__DESCRIPTION OF THE TASK__
With the pictures left out, copy the records below exactly from the first line down to the line holding "One (1) Used", and include that line.
=====
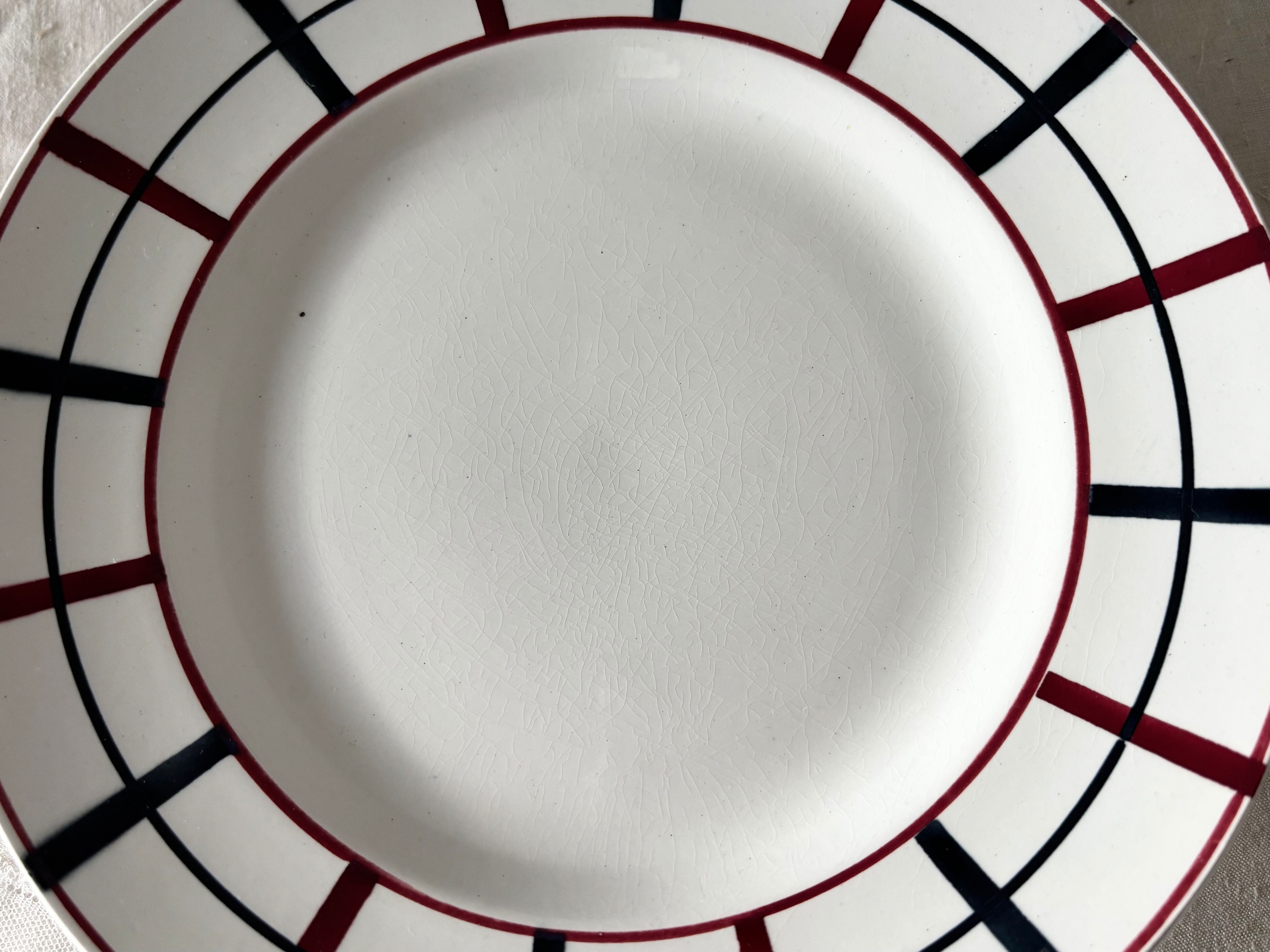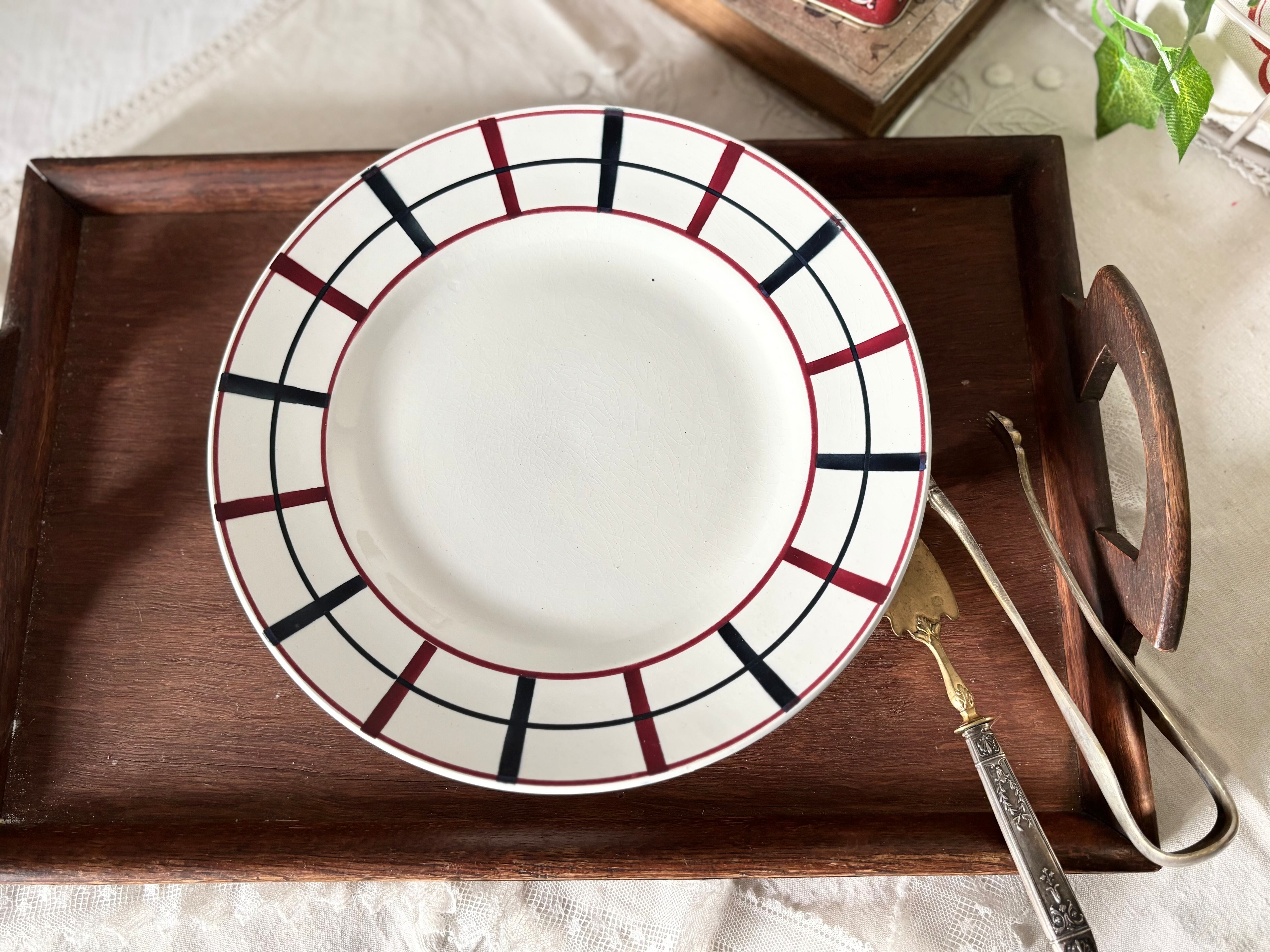 この「Lou Basquez」は、他メーカーのバスク柄と比べても、よりシンプルかつシャープな構成が特徴です。1930年代のアール・デコ期のエッセンスも感じられ、当時の手仕事の温もりと味わいを存分に感じていただけます。
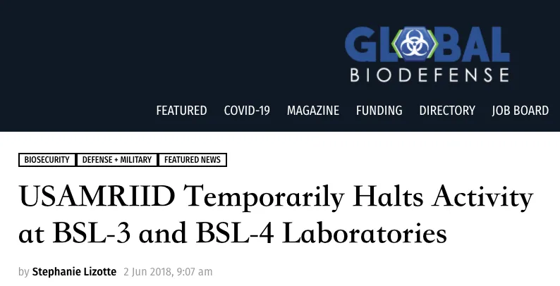 2019年7月,位於德特里克堡的美國陸軍傳染病醫學研究所被關閉;
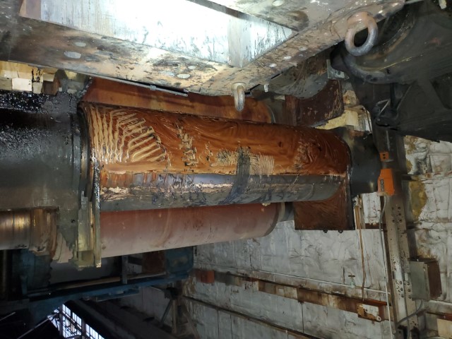 One (1) Used Adamson 26" x 84" Mill Roll, front roll, DRILLED for cooling, 17" bushing journals, connecting gear journal, smooth surface.
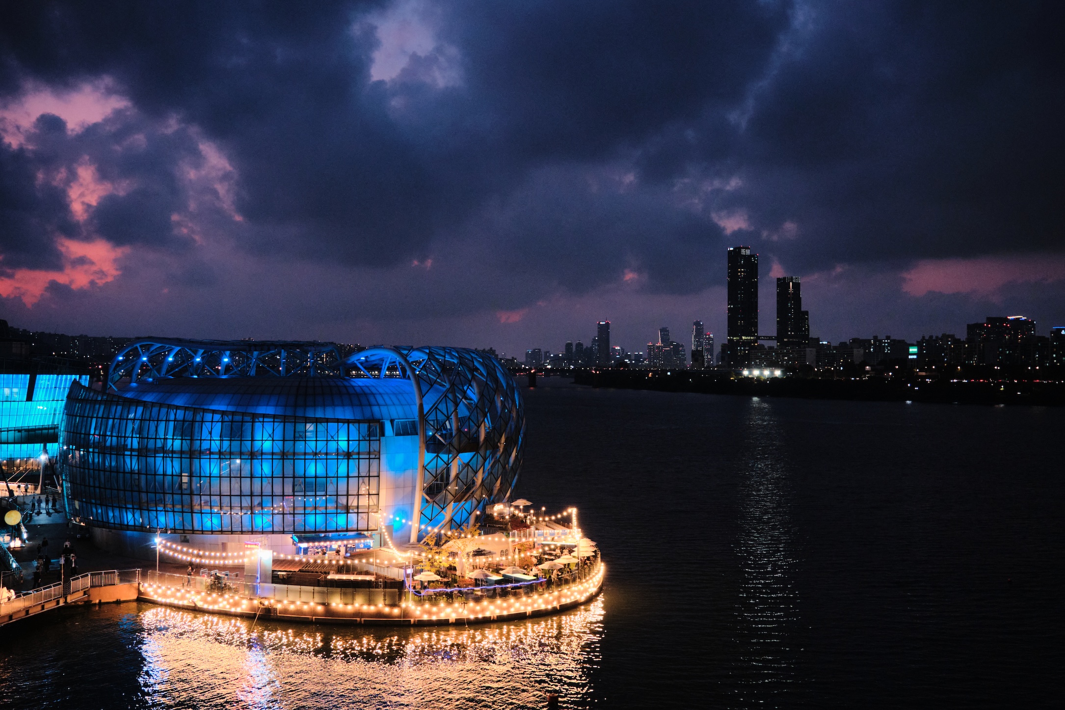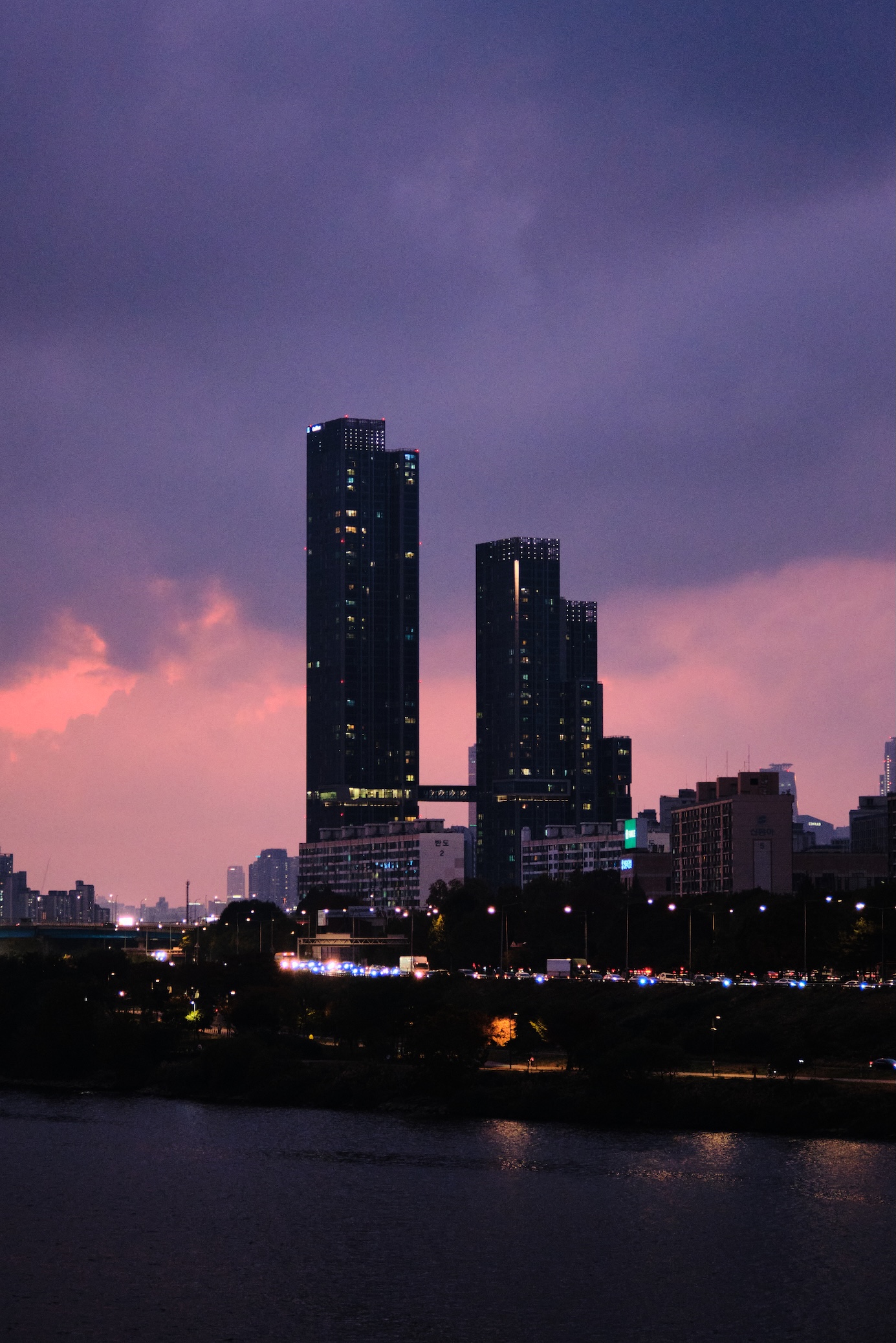 After circling around for flying by hours, it was a time for a walk. We decided to go to the other side of Han river by foot. Night started creeping pretty quickly, albeit, you can’t tell that in just 30 minutes it will be already dark.
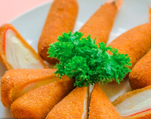 Surimi relleno de queso empanizado.
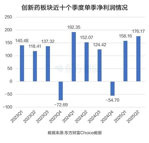 整个创新药板块来说,东方财富Choice数据显示,今年第二季度创新药板块实现归母净利润176.17亿元,同比增长15.85%,环比增长11.39%。
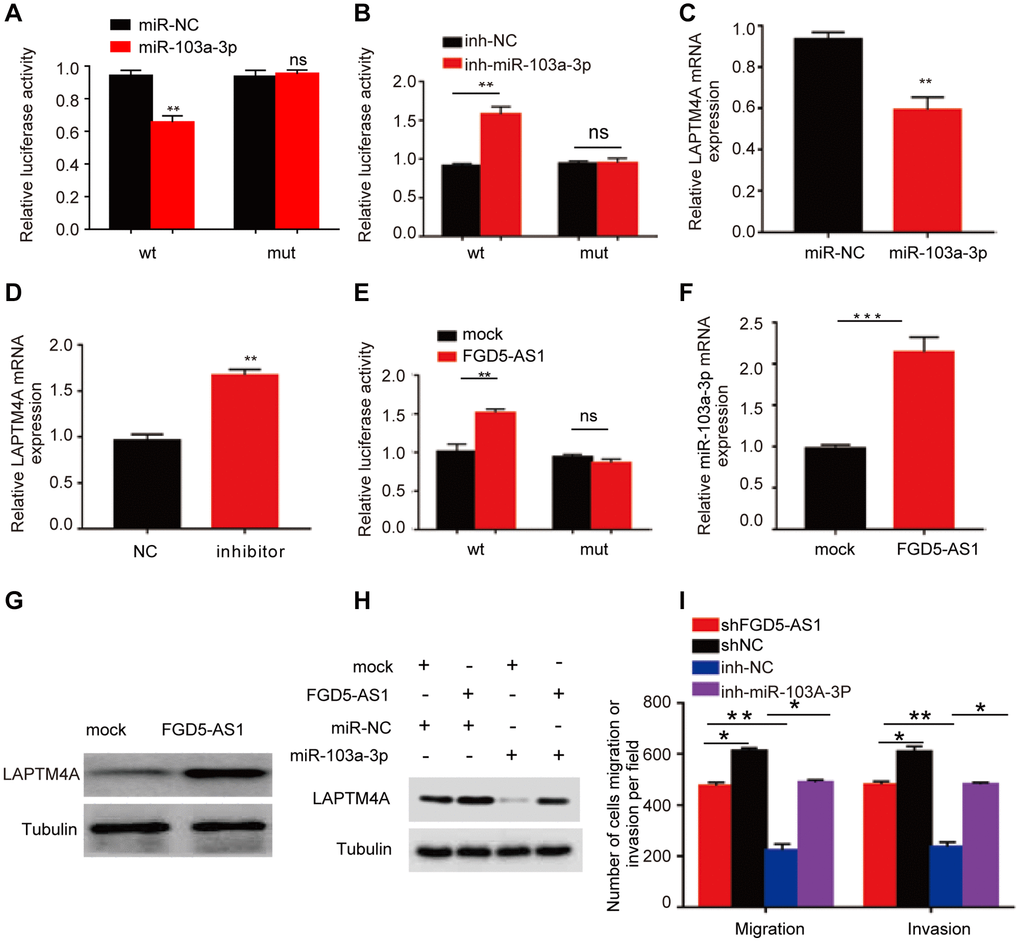 Subsequently, leveraging the miRNet and starBase databases, we employed predictive analysis to identify potential regulatory relationships between hsa-miR-103a-3p and long non-coding RNAs (lncRNAs) (Supplementary Figure 9G). A scatter plot analysis revealed LAPTM4A exhibited a statistically significant positive correlation with FGD5-AS1 (r = 0.381) (Supplementary Figure 9H). Similarly, FGD5-AS1 as the most significantly correlated lncRNA with miR-103a-3p (r = −0.318) (Supplementary Figure 9I). Encouragingly, potential binding sites between FGD5-AS1 and miR-103a-3p were predicted, further leading to mutations in FGD5-AS1 mRNA (Supplementary Figure 9J). Notably, the dual-luciferase reporter gene system demonstrated that transfection of the FGD5-AS1 mimic successfully reduced relative luciferase activity in U251 cells transfected with wild-type hsa-miR-103a-3p, while no such reduction was observed in cells transfected with the corresponding mutant (Figure 10E). Additionally, over-expressed FGD5-AS1 decreased hsa-miR-103a-3p levels in U251 cells (Figure 10F). Furthermore, overexpression of FGD5-AS1 demonstrated an elevation in LAPTM4A levels in U251 cells (Figure 10G). Strikingly, the co-overexpression of FGD5-AS1 and hsa-miR-103a-3p effectively reversed the heightened expression levels of LAPTM4A (Figure 10H). Notably, Transwell assay results revealed a substantial inhibition in the invasion and migration capacities of U251 cells upon FGD5-AS1 knockdown, which could be rescued by the hsa-miR-103a-3p inhibitor (Figure 10I). Collectively, our findings illuminate the intricate regulatory mechanism governing LAPTM4A, underscoring the significance of the FGD5-AS1-hsa-miR-103a-3p-LAPTM4A axis in the regulation of glioma progression.
=====
__TASK SOLUTION__
 この「Lou Basquez」は、他メーカーのバスク柄と比べても、よりシンプルかつシャープな構成が特徴です。1930年代のアール・デコ期のエッセンスも感じられ、当時の手仕事の温もりと味わいを存分に感じていただけます。
 2019年7月,位於德特里克堡的美國陸軍傳染病醫學研究所被關閉;
 One (1) Used Adamson 26" x 84" Mill Roll, front roll, DRILLED for cooling, 17" bushing journals, connecting gear journal, smooth surface.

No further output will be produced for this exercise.